When it comes to incorporating Bitcoin into their stacks, it’s only a matter of time before they do so. And I think that’s when things start to get interesting in terms of mining as an industry, because if you have the producers of the energy and the people who own the energy mining Bitcoin, then that makes it very difficult for people without those assets to eventually turn a profit because you’re going to see hash price, which already trades in backwardation. And I think that’s when things start to get interesting in terms of mining as an industry. Because if you have the producers of the energy and the people who own the Eventually, it is possible to foresee a world in which the only people who can truly make a profit from their bitcoin mining are energy producers and those who are invested with or embedded with energy producers.

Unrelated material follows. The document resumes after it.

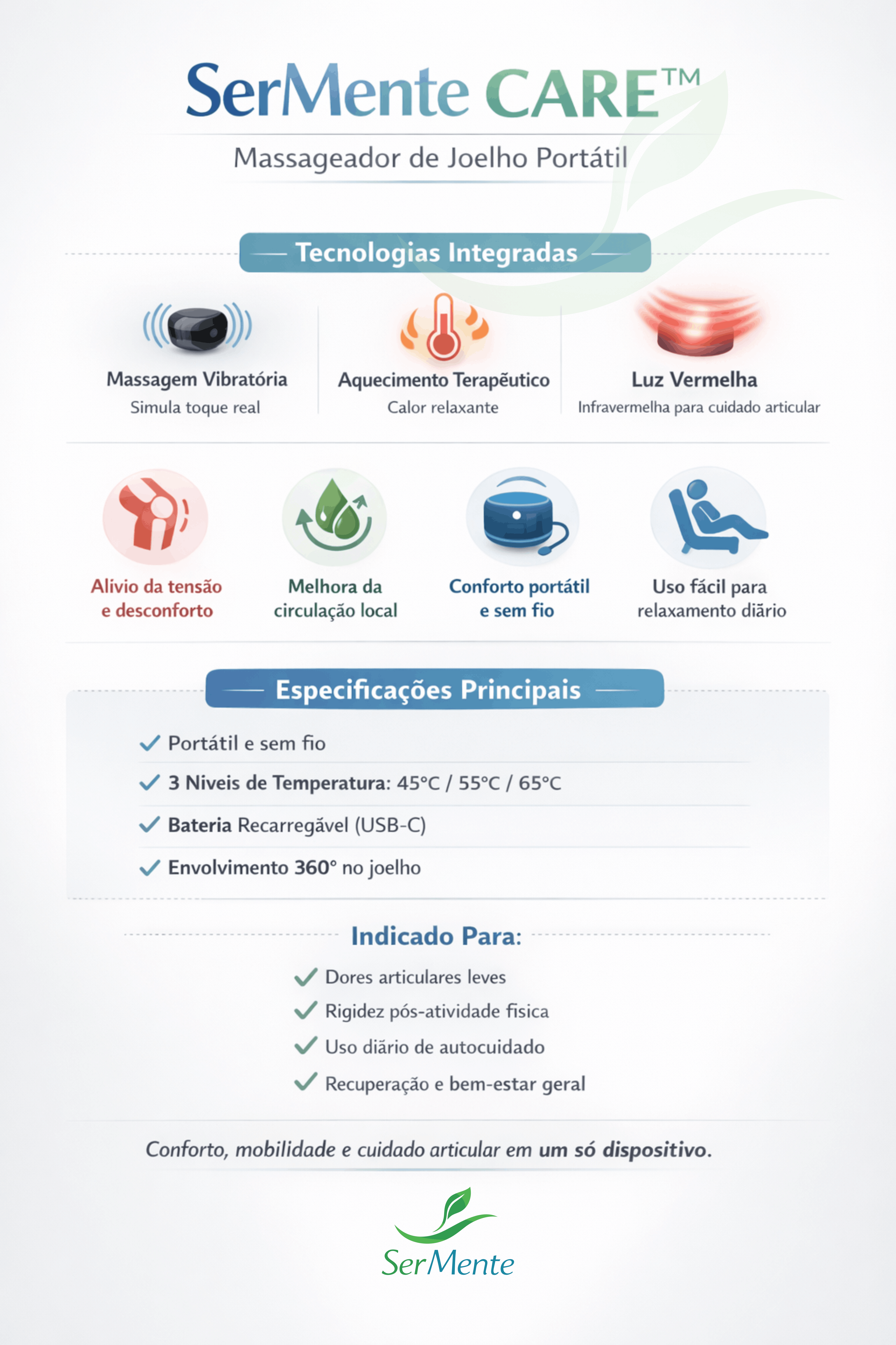 O SerMente CARE™ – Massageador de Joelho foi desenvolvido para oferecer alívio, conforto e cuidado completo das articulações, unindo tecnologia de massagem vibratória, aquecimento terapêutico e luz vermelha em um único dispositivo portátil.

The expansion of the Bitcoin Lightning Network will be driven by regulation and an increasing appetite for self-custody.
Both analysts were of the opinion that, despite the fact that it might take a few years, there is a significant growth potential for layer-2 Bitcoin. Burnett made the following prediction about the future of Bitcoin: “Over time, more and more people will learn to demand final settlement of their Bitcoin, which means that more people will have their own keys.”

The following is what Burnett claims:

“If Bitcoin adoption grows by 100x or 1000x, there will be a lot more competition for scarce block space, and on-chain fees will likely rise just because people will be demanding much more settlement, magnitudes more settlement on the base layer.” “If Bitcoin adoption grows by 100x or 1000x, there will be a lot more competition for scarce block space,” However, the amount of block space available to settle on the basal layer is static. Consequently, an increase in on-chain costs will, in my opinion, have the effect of potentially making lightning channel liquidity that is already open and accessible. It’ll make it more valuable.”
Harper agreed with this statement wholeheartedly and went on to say that, in his opinion, the Lightning Network “will be the thing that allows Bitcoin to be used as a worldwide medium of exchange, and also, like Jack Mallers has put it, It’s the thing that can kind of separate Bitcoin, the asset from Bitcoin, the payment network in a way that’s actually scalable.”